Query The image set for this text is all mixed up. The title page is followed by pages 4 & 5, ie there are 2 pages missing. However, at the end of the text, the title page and first few pages are duplicated, including those that were missed first time round. Apex have inserted the missing pages in the correct position, with the correct PB REFs. At the end , therefore there are duplicate page gaps for each page except image 48, which now appears at the beginning of the text.
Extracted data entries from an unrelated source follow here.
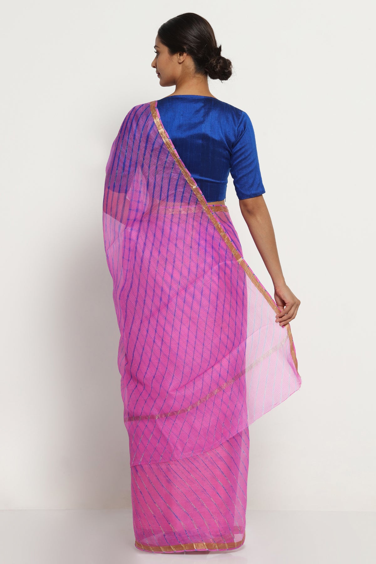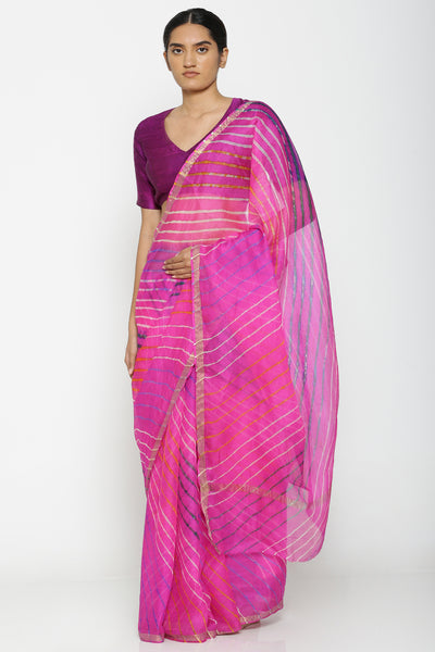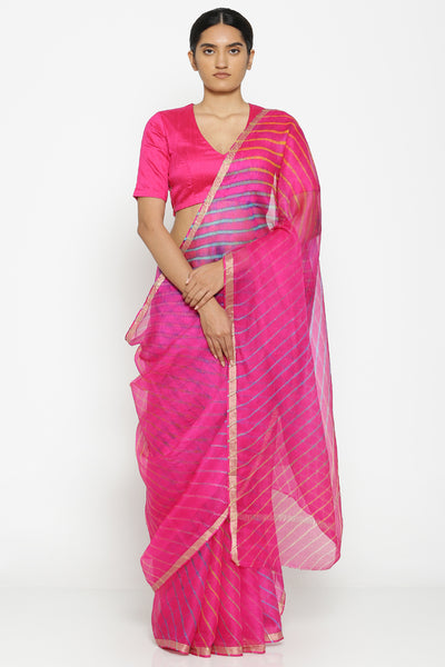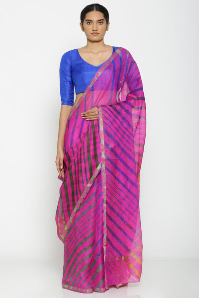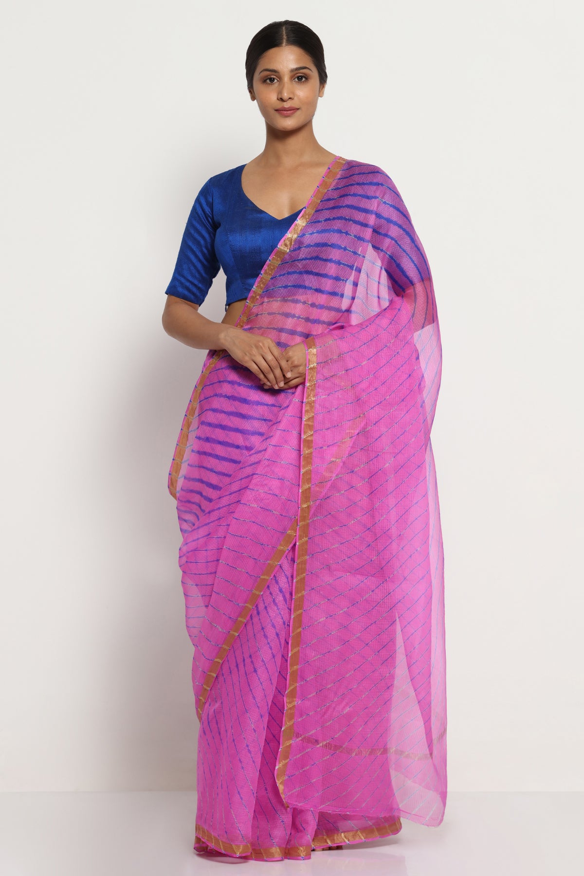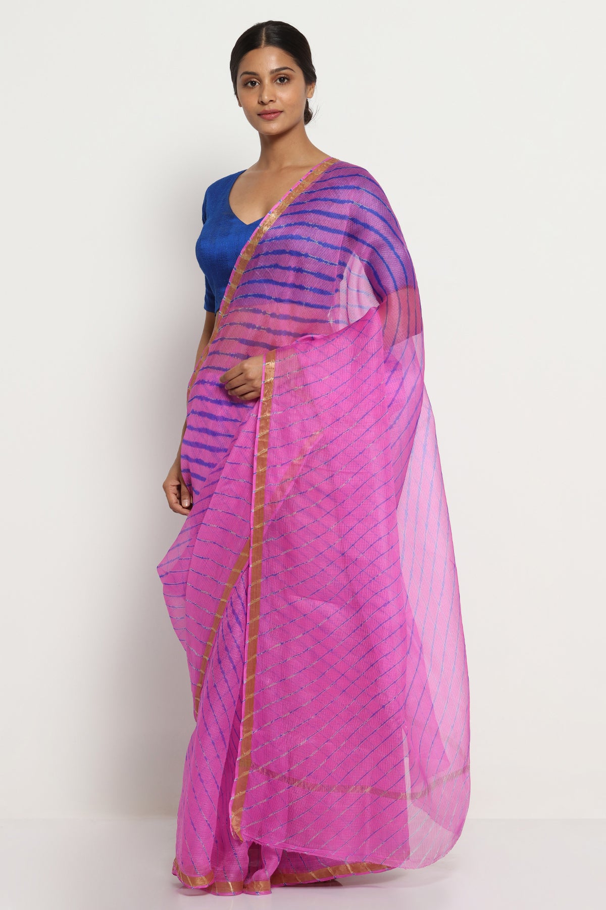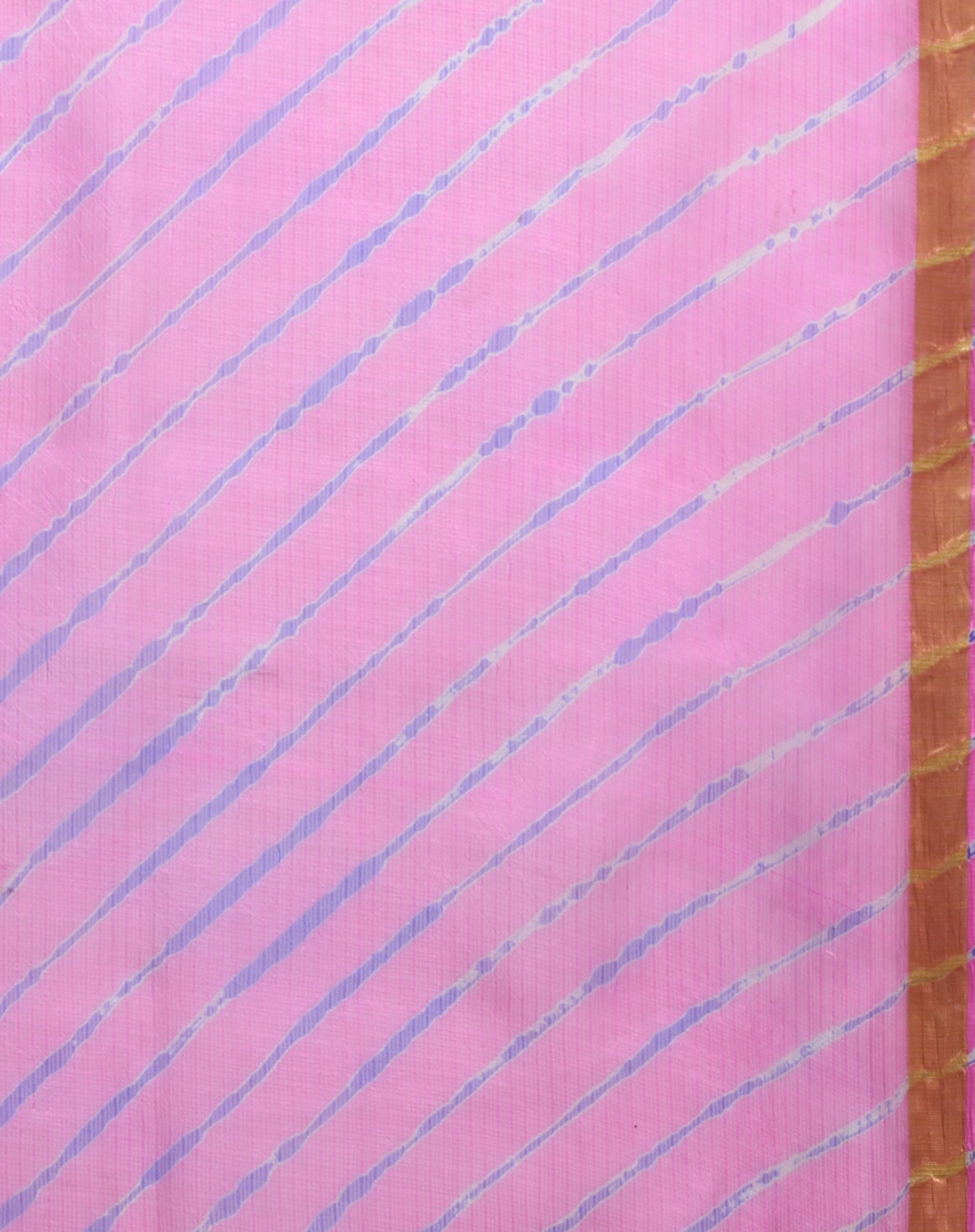Pink and Blue Pure Silk Kota Doria Saree with Traditional Leheriya Pattern
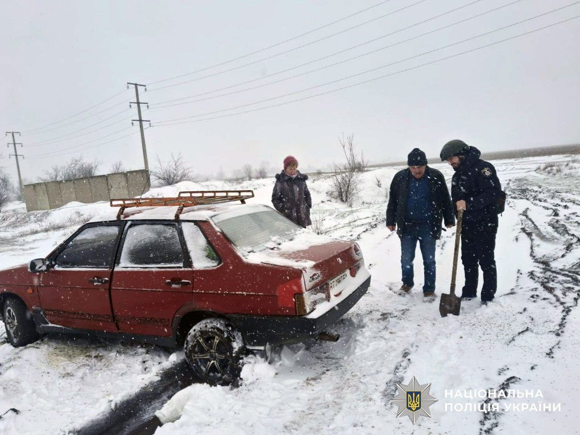 У Херсонській області через снігопад ускладнився рух на автошляхах. У зв’язку з погодними умовами на допомогу водіям вийшли працівники поліції, які забезпечують безпеку дорожнього руху та надають необхідну допомогу.
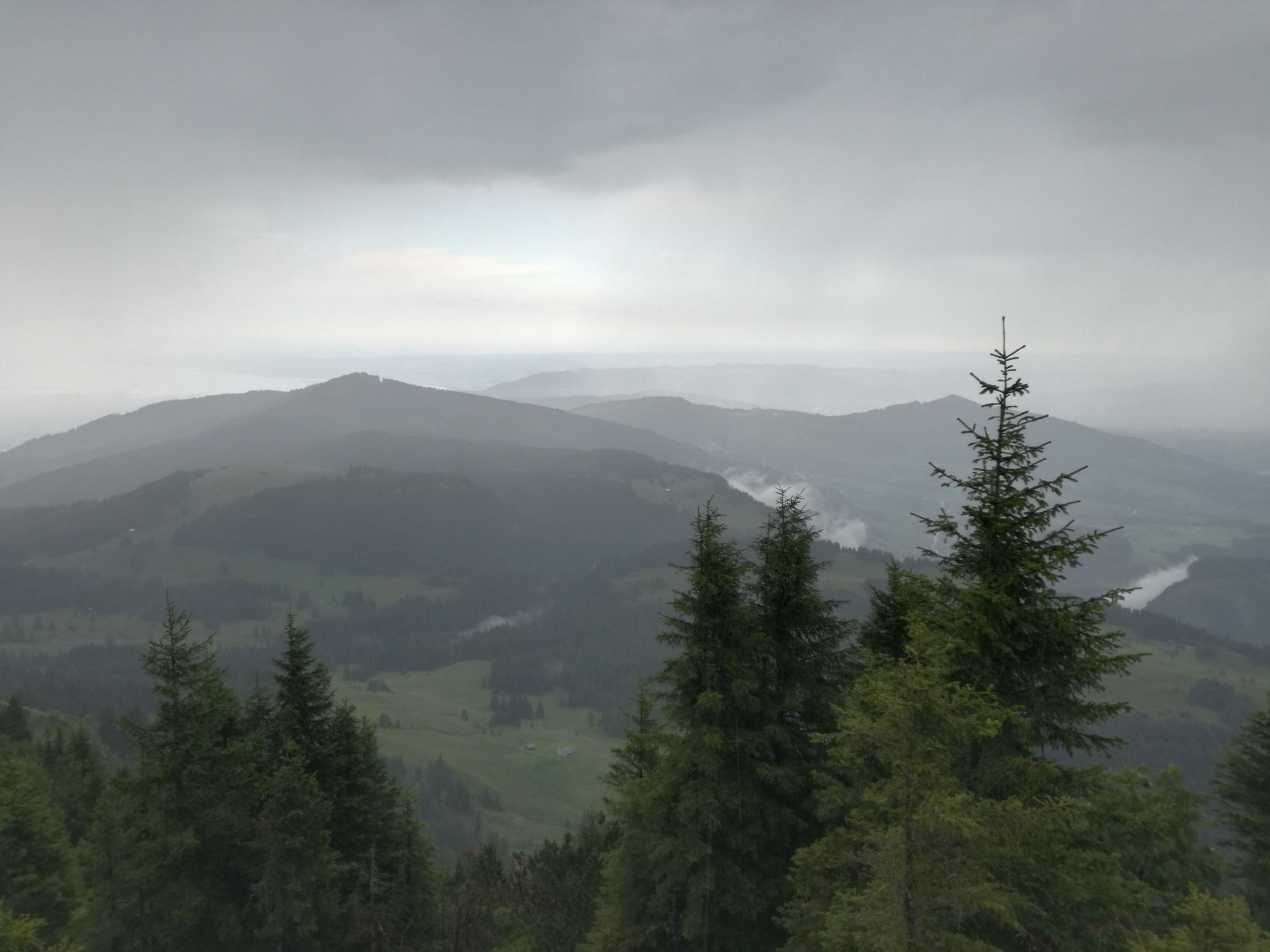 6 Uhr Start am Bödele - Gräsakopf - Weißenfluh - Rohralpe - Hangköpfle -Hangspitze- zurück über Hochälpele. Von 8-10 Uhr Gewitter+Starkregen -danach Übergang zu Sonnenschein.

The PBs are now a little jumbled but this seems more helpful than recording the data at the end, amongst the duplicate page gaps. Does this seem ok?

Answer Yes. I've always supposed that our aim is to represent, so far as the images allow, the BOOK--even at the risk of representing a slightly idealized, "as intended," form of the book. So yes, we should be free to rearrange page images, even pick and choose the best images if we are faced with sets of duplicates, so as to create a coherent book in the original, intended sequence. This will sometimes create strange <PB> sequences:

<PB REF="1" N="1"><PB REF="32" N="2"> <PB REF="3" N="3"> etc.

PDF with cropped images

Source: email
Date: 11 Apr 2002
Vid: 14740
Keywords: image set

Query Do the vendors see exactly the same image that we do? On this image they have twice supplied characters which are simply not present because of the page being cropped. Marginal note 2 they added an f to o$ pleasure and at the bottom they gave a number 1, "Silius Ita$: lib 1. Virtus loqui|tur". [etc.]

Answer Aggh and again aggh. It has been our assumption that we look at the same images as they do. They actually look at the raw image (tiff) files; we look at the tiffs "wrapped" on the fly into a pdf file. But the source is the same and the images should be the same. HOWEVER, looking at your page online (which is actually a gif file generated automatically from the underlying tiff) and comparing the downloaded pdf, the .pdf file markedly crops the image, at least on the right margin (!).

Looking at the right margin of the online gif (< tiff), for example, I can read:

Virtus hominis
proprium bonum.
Tacitus lib: 4.
[pdf cuts off in middle of last m]

1. Moderation
of anger.

2. Contempt of
pleasure.
[pdf cuts off at right edge of "o"]

3. Abstinence
from covet$
ousnes
[pdf cuts off just after the "t"]

Silius Ita$: lib 1
[pdf cuts off after "b"]

Virtus loqui-
tur
[pdf cuts off at beginning of hyphen]

I really dont know what the long-term implications of this are. One thing that is clear is that if the vendors are seeing characters at the edge that you think are guesses, the odds are that they are really there. You may want to check the online image to check. It is possible that we may have to end up using the raw tiffs to proof by, downloading them from UMI just as the vendors do. I hope not.